Activists and NGOs can impact your firm’s reputation and its ability to carry out strategic projects

By David Bach
Published: Mar 2, 2010 03:48:18 AM IST
Updated: Mar 3, 2010 12:16:01 PM IST

We live in challenging times. This is particularly so in the world of business. Financing is scarce. Competition is fierce. Uncertainty is high. Compounding all of this is the growing impact of social and political forces on the bottom line. Changing government regulation can let your business thrive or severely challenge its economic viability. Current threats by JPMorgan Chase or Goldman Sachs to relocate European investment banking operations from London to the European mainland in response to the UK government’s plan to strictly tax very large bonuses are just the most recent example occupying headlines.

Similarly, activists and nongovernmental organizations (NGOs) can have an extraordinary impact on your firm’s reputation and its ability to carry out strategic projects. Tata Motors suffered both financially and in reputational terms when its Singur project was derailed by a coalition of opposition parties, community activists, and local farmers. It is not surprising then that CEOs across a broad range of industries are dedicating considerable time to what many view as “non-business” activities – dealing with legislators and regulators, engaging social groups, and swaying both the traditional media and an increasingly powerful group of bloggers. This trend is, of course, not entirely new.

As early as the 1990s, then-CEO of Pfizer Edmund T. Pratt, Jr. remarked that “the biggest single change in management during my career has been the increase in time managers spend dealing with government.” But globalization has accelerated and complicated this dynamic in three important ways: first, it has given activists and social groups the tools to have global reach; second, it has exposed a growing number of even medium-sized companies to multiple and often conflicting political environments as their operations have begun to span the globe; and third, it has created the need to engage social and political forces on multiple levels – local, national, and global, often simultaneously.

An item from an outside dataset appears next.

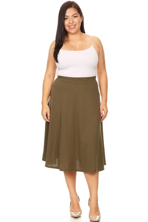 Moa CollectionSolid high waisted, A-line, midi skirt with elastic waist.Approx Length: 31.5in from waist to hem. Waist: 32inModel is wearing a size XL-Continuous...

David Bach, Co-Director of the Center for Nonmarket Strategy
David Bach, Co-Director of the Center for Nonmarket Strategy

How should firms and their leaders deal with the growing importance of social and political forces? One approach is to do like the ostrich – focus on your core business, let others squabble over political issues and social problems, and simply put your head in the proverbial sand. The problem with this approach is that firms and their managers become passive bystanders as other stakeholders shape the terms of market competition. And in politics, as a popular saying goes, “if you are not at the table, you are on the menu!” Leading firms are therefore taking a different approach. They try to proactively engage social and political forces in an effort to mold the formal and informal rules and regulations that directly affect who wins and who loses in the market. In other words, they are deliberately stretching the competitive playing field beyond the market. This enables them to eliminate threats to their reputation and/or bottom line before they fully materialize or to seize new opportunities for building or strengthening competitive advantage that others would miss.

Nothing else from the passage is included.